The sequence matters: Monitoring converges first

HPE has been clear about the order of convergence, and it reflects a considered approach rather than an attempt to force customers through a migration they are not ready for.

  1. Monitoring and troubleshooting will converge first.
  2. Configuration management, which reflects deeper differences in how the two platforms model network topology and policy, will follow later and more gradually.
  3. Over time the card views and dashboard experiences in Mist and Central will become increasingly similar, particularly for the operational tasks that take up most of a network team's day: identifying issues, determining root cause, reviewing client experience data and responding to anomalies.
  4. The configuration and provisioning experience will retain more platform-specific character for longer, because that is where the architectural differences are most deeply embedded.

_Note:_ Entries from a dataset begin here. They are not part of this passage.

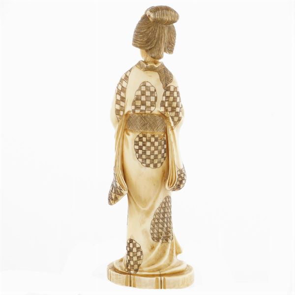 depicting a female figure with parchment and brush, resting on shaped base, h. 19 cm., peso 291 gr.
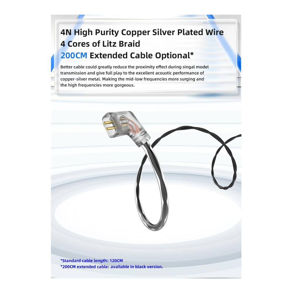 【4N hochreiner versilberter Kupferdraht】 Ein besseres Kabel könnte den Nahbesprechungseffekt bei der Übertragung von Einzelmodellen erheblich reduzieren und die hervorragende akustische Leistung von Kupfer-Silber-Metall voll zur Geltung bringen. Dadurch werden die mittleren und tiefen Frequenzen stärker anschwellend und die hohen Frequenzen wunderschöner.200CM Extended Cable optional.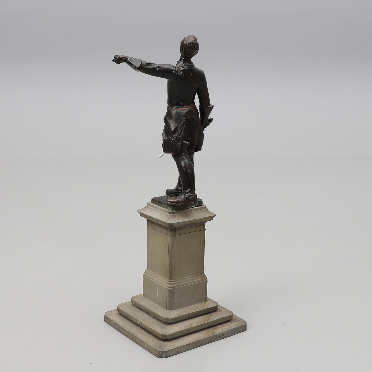 Bronze patinated metal on white metal pedestal. After original in Kungsträdgården, Stockholm. Height incl. fixed pedestal approx. 79 cm.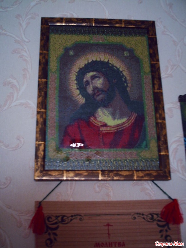 Вот такую икону для меня вышила моя доченька. Иисус в терновом венце.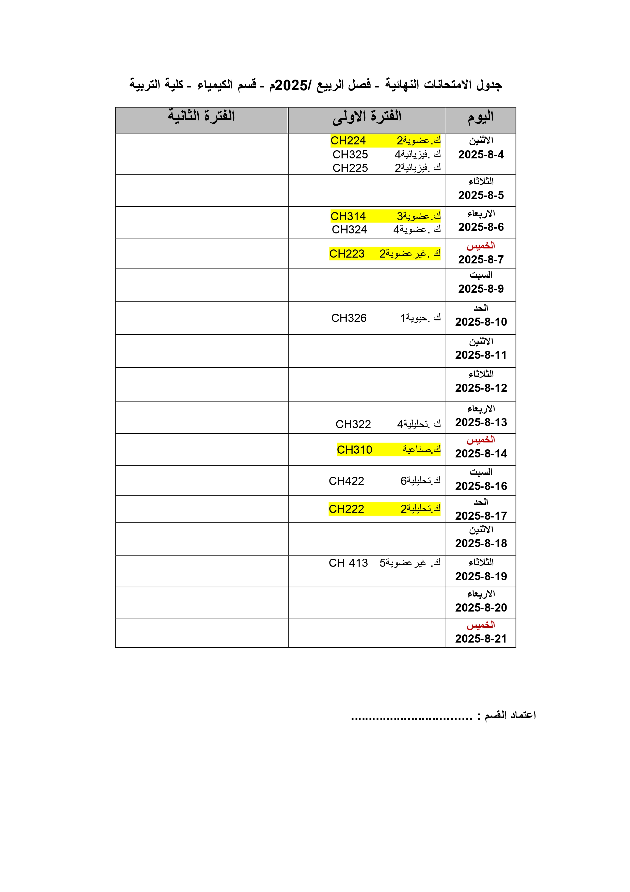 جدول الامتحانات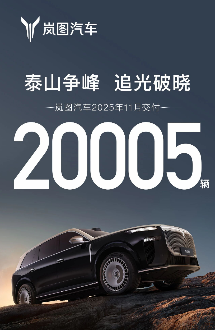 岚图汽车在11月交付新车20005辆,同比增长84%,这是该品牌单月交付量首次突破2万辆大关,证明在电动化时代,传统车企的高端品牌只要产品到位,仍有巨大机会。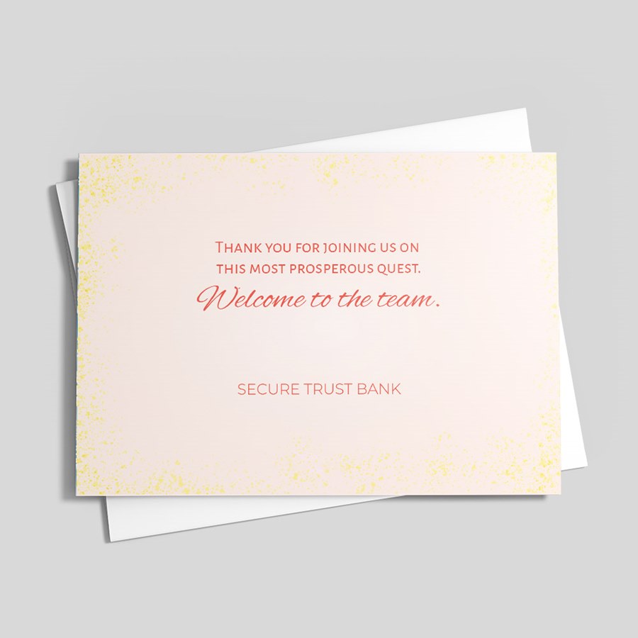 This greeting card features a vibrant sunburst design with alternating rays in orange, yellow, and light blue, framing playful white “Welcome” typography set against a soft pink background with subtle yellow speckled edges. The cheerful color palette creates an inviting, energetic look that feels fresh and professional. Your custom personalization can be added in your choice of ink, and coordinating envelopes are included for a polished presentation.

For customers wondering whether they will one day be asked to migrate from one platform to the other, this framing is reassuring. The intent is not to deprecate one experience in favour of the other, but to progressively make the operational experience equivalent, regardless of which platform you are running.

See it for yourself

Hands-on Lab & Test Drive

Wednesday May 27, Sydney

If you want a practical sense of where this is heading, we are running a hands-on lab and test drive of the latest Mist release on May 27 at xx.

You will get direct experience with the platform, a deeper understanding of the HPE roadmap for their management platforms, and a clear picture of where the feature set has landed across both Mist and Central. Seats are limited, so register here for more details and to secure your place.

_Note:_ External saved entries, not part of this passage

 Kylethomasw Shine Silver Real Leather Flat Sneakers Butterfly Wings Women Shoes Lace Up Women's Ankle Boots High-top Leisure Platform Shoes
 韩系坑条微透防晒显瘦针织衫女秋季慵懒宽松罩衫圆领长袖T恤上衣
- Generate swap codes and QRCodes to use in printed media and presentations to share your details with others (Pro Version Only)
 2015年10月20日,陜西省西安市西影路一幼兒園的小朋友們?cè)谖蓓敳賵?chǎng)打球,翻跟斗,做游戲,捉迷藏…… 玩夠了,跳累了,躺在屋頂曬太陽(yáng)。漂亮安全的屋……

If you are running Aruba Central today…

  • Marvis Actions coming to Central
  • Improved client profiling
  • The agentic AI layer will progressively improve the quality of insight and automation available
  • The monitoring experience will become richer and more comparable to what Mist customers have had
  • The hardware you invest in from Wi-Fi 8 onwards will be dual-platform by default.

If you are running Juniper Mist today…

  • The global NOC view for large-scale operational oversight.
  • The dual-platform hardware commitment means that your future access point investments carry more flexibility than before.
  • The agentic AI improvements are platform-agnostic in their delivery.

If you have Juniper at the core and Aruba at the access layer…

The direction of travel is toward a more unified operational experience without requiring a rip-and-replace of either layer.

The self-driving network is the destination

The longer-term vision HPE has consistently articulated is the self-driving network. This is where the management platform evolves from surface-level data collection to AI-driven insights, recommendations, assisted remediation, and eventually autonomous operation. HPE has a five-stage model that maps this progression in the same way as autonomous vehicle development is often described - from basic sensors through to full self-driving capability.

This vision is increasingly resonating, particularly in education and other environments where lean IT teams manage dispersed infrastructure across dozens of sites. The appeal of a platform that can detect, diagnose and remediate issues without requiring a technician to be physically present, or even particularly experienced, is clear and practical rather than theoretical.

HPE right now is clear that their AI investment focuses on Day 2 and beyond operations, not on initial configuration. The value lies in ongoing issue detection, root cause analysis and optimisation, with the end result often being a configuration adjustment surfaced by the AI rather than identified through manual investigation. This is a meaningful distinction from tools that apply AI to the provisioning workflow but leave the operational burden largely unchanged.